● **Supplied data**
:::::

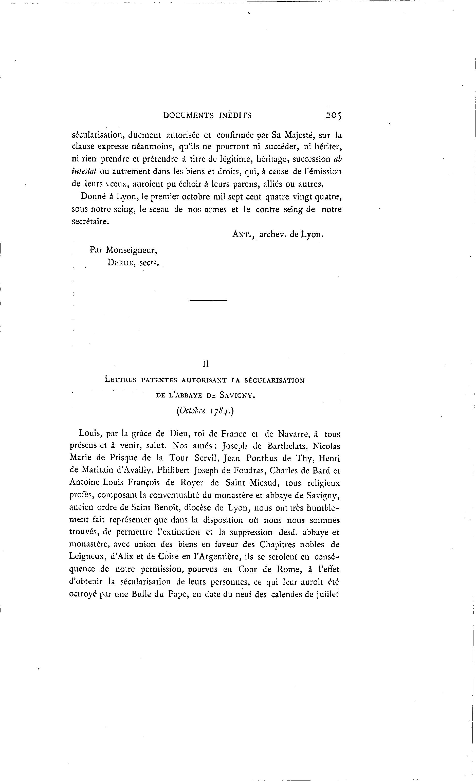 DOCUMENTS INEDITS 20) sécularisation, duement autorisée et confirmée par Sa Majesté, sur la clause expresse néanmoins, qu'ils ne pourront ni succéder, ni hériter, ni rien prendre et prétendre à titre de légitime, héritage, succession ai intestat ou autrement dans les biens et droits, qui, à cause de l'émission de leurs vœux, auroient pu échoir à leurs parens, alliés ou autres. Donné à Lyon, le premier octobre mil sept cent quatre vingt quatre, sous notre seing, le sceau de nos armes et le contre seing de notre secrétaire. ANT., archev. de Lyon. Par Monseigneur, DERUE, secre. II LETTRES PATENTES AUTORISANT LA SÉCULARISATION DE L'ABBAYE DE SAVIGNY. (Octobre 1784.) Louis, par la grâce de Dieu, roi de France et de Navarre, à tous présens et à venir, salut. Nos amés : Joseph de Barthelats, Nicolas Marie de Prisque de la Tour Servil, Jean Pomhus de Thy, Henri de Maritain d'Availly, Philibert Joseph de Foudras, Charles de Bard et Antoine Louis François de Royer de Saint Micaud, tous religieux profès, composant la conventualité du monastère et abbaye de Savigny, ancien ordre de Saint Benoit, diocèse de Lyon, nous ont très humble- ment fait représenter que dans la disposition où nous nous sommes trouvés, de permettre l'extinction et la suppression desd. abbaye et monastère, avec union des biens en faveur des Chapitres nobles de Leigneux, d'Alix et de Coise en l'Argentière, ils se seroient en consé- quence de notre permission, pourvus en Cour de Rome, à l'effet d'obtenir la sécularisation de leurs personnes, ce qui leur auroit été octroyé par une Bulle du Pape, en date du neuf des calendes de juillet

:::::

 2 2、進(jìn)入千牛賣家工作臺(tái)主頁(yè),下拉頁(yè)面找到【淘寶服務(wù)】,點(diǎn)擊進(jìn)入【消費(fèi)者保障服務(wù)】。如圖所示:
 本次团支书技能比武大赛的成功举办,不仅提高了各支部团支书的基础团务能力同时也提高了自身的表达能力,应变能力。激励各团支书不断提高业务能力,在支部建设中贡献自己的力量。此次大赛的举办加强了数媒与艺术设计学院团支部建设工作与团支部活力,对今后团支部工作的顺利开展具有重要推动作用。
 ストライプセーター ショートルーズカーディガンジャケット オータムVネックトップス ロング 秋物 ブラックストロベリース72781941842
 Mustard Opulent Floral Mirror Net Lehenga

:::::

● **Exercise goal**
Reproduce exactly the lines of the records above from the one with "2 2、進(jìn)入千牛賣" to the one with "Mustard Opulent Floral Mirror Net Lehenga", both included, and leave out everything else.

● **Solution for this problem**
 2 2、進(jìn)入千牛賣家工作臺(tái)主頁(yè),下拉頁(yè)面找到【淘寶服務(wù)】,點(diǎn)擊進(jìn)入【消費(fèi)者保障服務(wù)】。如圖所示:
 本次团支书技能比武大赛的成功举办,不仅提高了各支部团支书的基础团务能力同时也提高了自身的表达能力,应变能力。激励各团支书不断提高业务能力,在支部建设中贡献自己的力量。此次大赛的举办加强了数媒与艺术设计学院团支部建设工作与团支部活力,对今后团支部工作的顺利开展具有重要推动作用。
 ストライプセーター ショートルーズカーディガンジャケット オータムVネックトップス ロング 秋物 ブラックストロベリース72781941842
 Mustard Opulent Floral Mirror Net Lehenga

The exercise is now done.